Give back the lines below exactly, but do not include any pictures.

_Information supplied_
• • • •

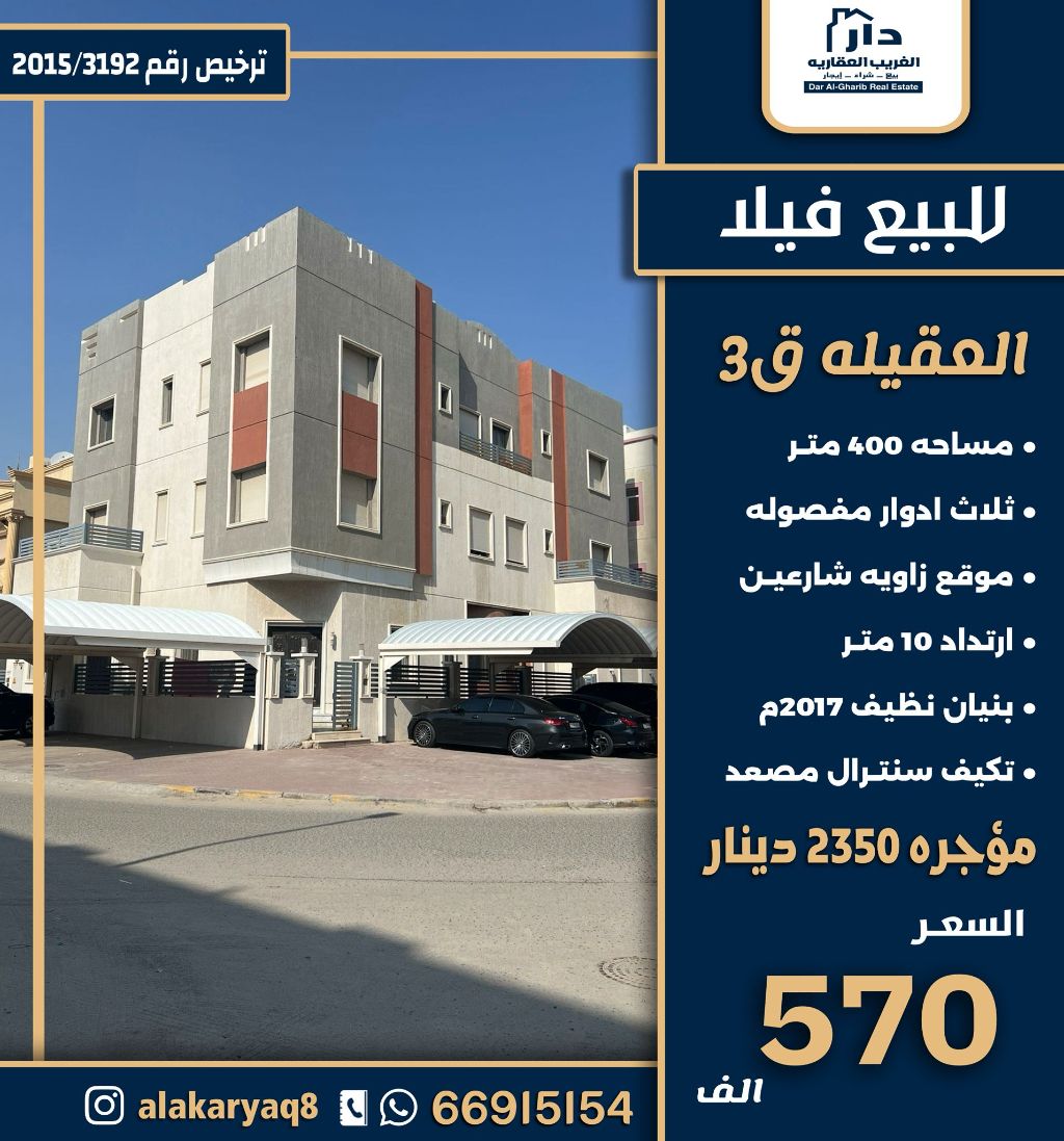 For sale: A villa in Al Aqaila with an area of 400 square meters, consisting of three separate floors, located on a corner with two streets and a 10-meter setback. The building is clean and was constructed in 2017, featuring central air conditioning and an elevator. It is currently rented for 2350 dinars. The price is 570,000 dinars.
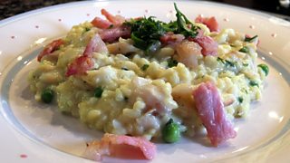 - Cuir crathadh dha na pìosan pancetta air muin an risotto.
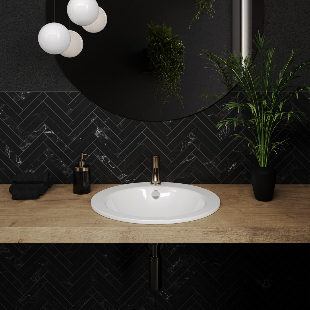Kaldewei Einbau-Waschtisch OBJECT R 3195 d= 47,5cm, 1 Hahnloch, alpinweiß, alpinweiß KA911607190001

• • • •

_Task answer_
 For sale: A villa in Al Aqaila with an area of 400 square meters, consisting of three separate floors, located on a corner with two streets and a 10-meter setback. The building is clean and was constructed in 2017, featuring central air conditioning and an elevator. It is currently rented for 2350 dinars. The price is 570,000 dinars.
 - Cuir crathadh dha na pìosan pancetta air muin an risotto.
Kaldewei Einbau-Waschtisch OBJECT R 3195 d= 47,5cm, 1 Hahnloch, alpinweiß, alpinweiß KA911607190001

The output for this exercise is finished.